Tucker decomposition, for example, takes a 3-way array $\mathcal{X} \in \mathbb{R}^{I \times J \times K}$
and decomposes the tensor into three matrices $\mathcal{A,B,C}$ and a smaller tensor $\mathcal{G}$. The shape of the matrices and new tensor are such that the total number of elements is reduced. The new tensors have shapes
 $\mathcal{A} \in \mathbb{R}^{I \times P},$
 $\mathcal{B} \in \mathbb{R}^{J \times Q},$
 $\mathcal{C} \in \mathbb{R}^{K \times R},$
 $\mathcal{G} \in \mathbb{R}^{P \times Q \times R}.$
Then the original tensor can be expressed as the tensor product of these four tensors:
 $\mathcal{X} = \mathcal{G} \times \mathcal{A} \times \mathcal{B} \times \mathcal{C}.$

In the example shown in the figure, the dimensions of the tensors are
 $\mathcal{X}$: I=8, J=6, K=3, $\mathcal{A}$: I=8, P=5, $\mathcal{B}$: J=6, Q=4, $\mathcal{C}$: K=3, R=2, $\mathcal{G}$: P=5, Q=4, R=2.
The total number of elements in the Tucker factorization is
 $|\mathcal{A}|+|\mathcal{B}|+|\mathcal{C}|+|\mathcal{G}| =$
 $(I \times P) + (J \times Q) + (K \times R) + (P \times Q \times R) = 8\times5 + 6\times4 + 3\times2 + 5\times4\times2 = 110.$

The number of elements in the original $\mathcal{X}$ is 144, resulting in a data reduction from 144 down to 110 elements, a reduction of 23% in parameters or data size. For much larger initial tensors, and depending on the rank (redundancy) of the tensor, the gains can be more significant.
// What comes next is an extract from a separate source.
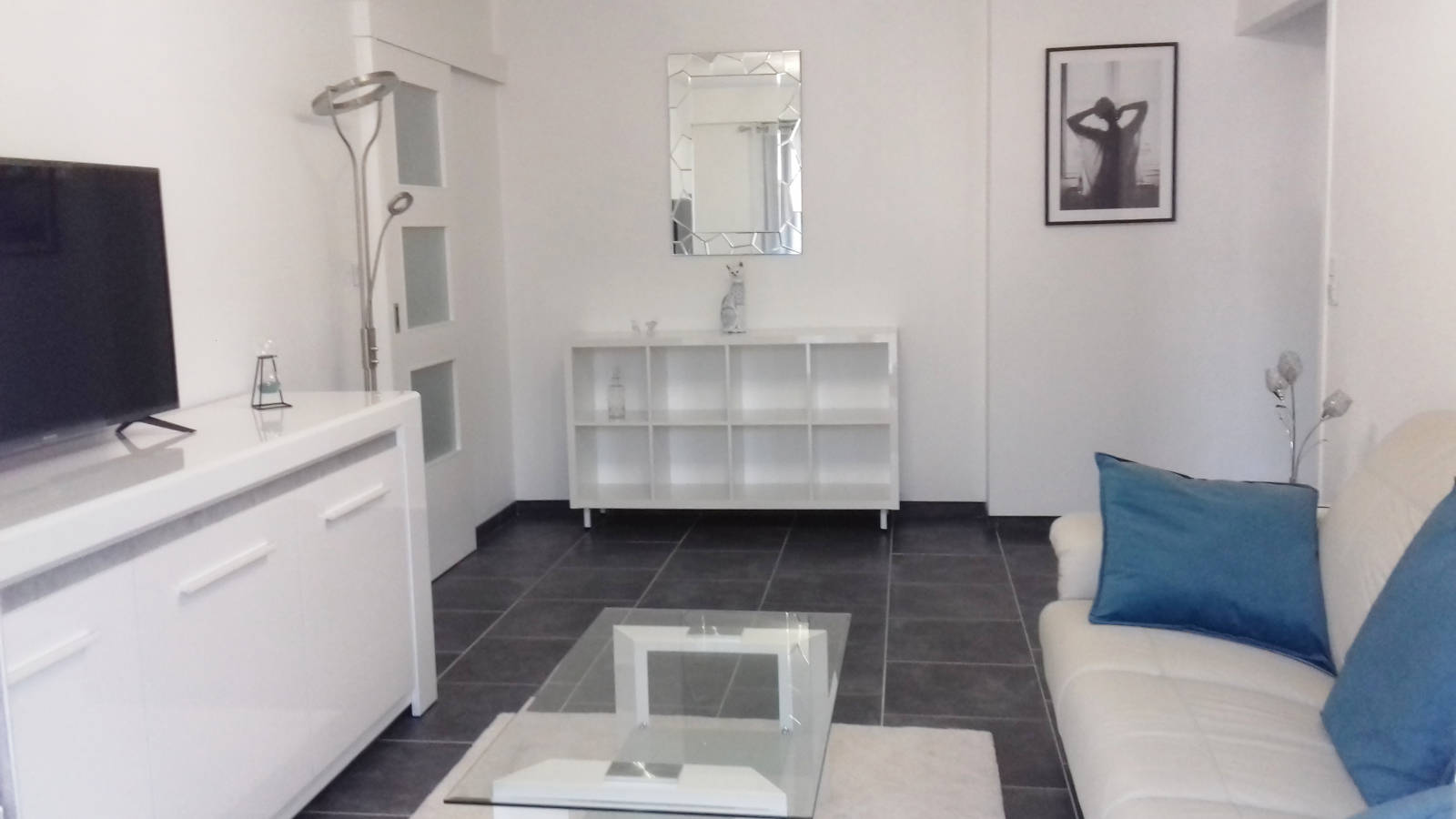 Appartement au 1er étage. Chambre lit 140 avec grand rangement. Salle de bain avec douche à l’italienne. WC séparés – Séjour et cuisine complétement équipés à neuf – Ascenseur, parking, garage. Store pour protéger du soleil sur la totalité du balcon.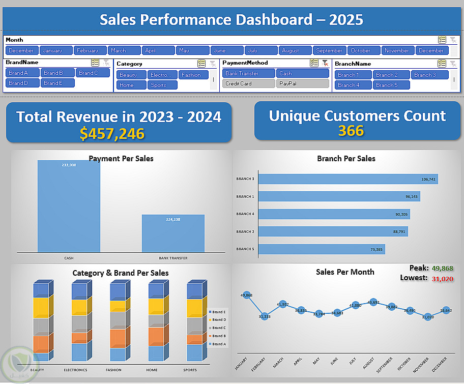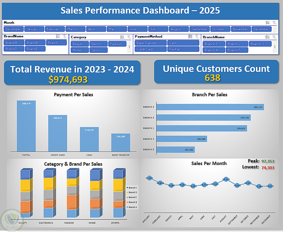 يسعدني مشاركة لوحة معلومات تفاعلية لتحليل وإدارة مبيعات 2023 و2024، مبنية بالكامل باستخدام Microsoft Excel وأدواته المتقدمة في التحليل والعرض البصري. 🎯 الأهداف: تقديم رؤية شاملة وفورية لأداء المبيعات، مع التركيز على إجمالي الإيرادات $974,693 وعدد العملاء الفريدين 638. تعرض اللوحة: الأداء الشهري (أعلى $97,353 وأدنى $74,303)، الإيرادات حسب طرق الدفع (PayPal، بطاقة ائتمان، نقدي، تحويل بنكي)، مقارنة الفروع، وتحليل الفئات والعلامات التجارية. 🛠️ الأدوات: Power Query لتنظيف البيانات، Power Pivot لبناء نموذج مترابط ومؤشرات أداء (KPIs) ,DAX، Pivot Tables & Charts لتلخيص البيانات مع Slicers لتسهيل التحليل.

The work of Rabanser et al. provides an introduction to tensors with more details on the extension of Tucker decomposition to N-dimensions beyond the mode-3 example given here.

====Tensor trains====
Another technique for decomposing tensors rewrites the initial tensor as a sequence (train) of smaller sized tensors. A tensor-train (TT) is a sequence of tensors of reduced rank, called canonical factors. The original tensor can be expressed as the sum-product of the sequence.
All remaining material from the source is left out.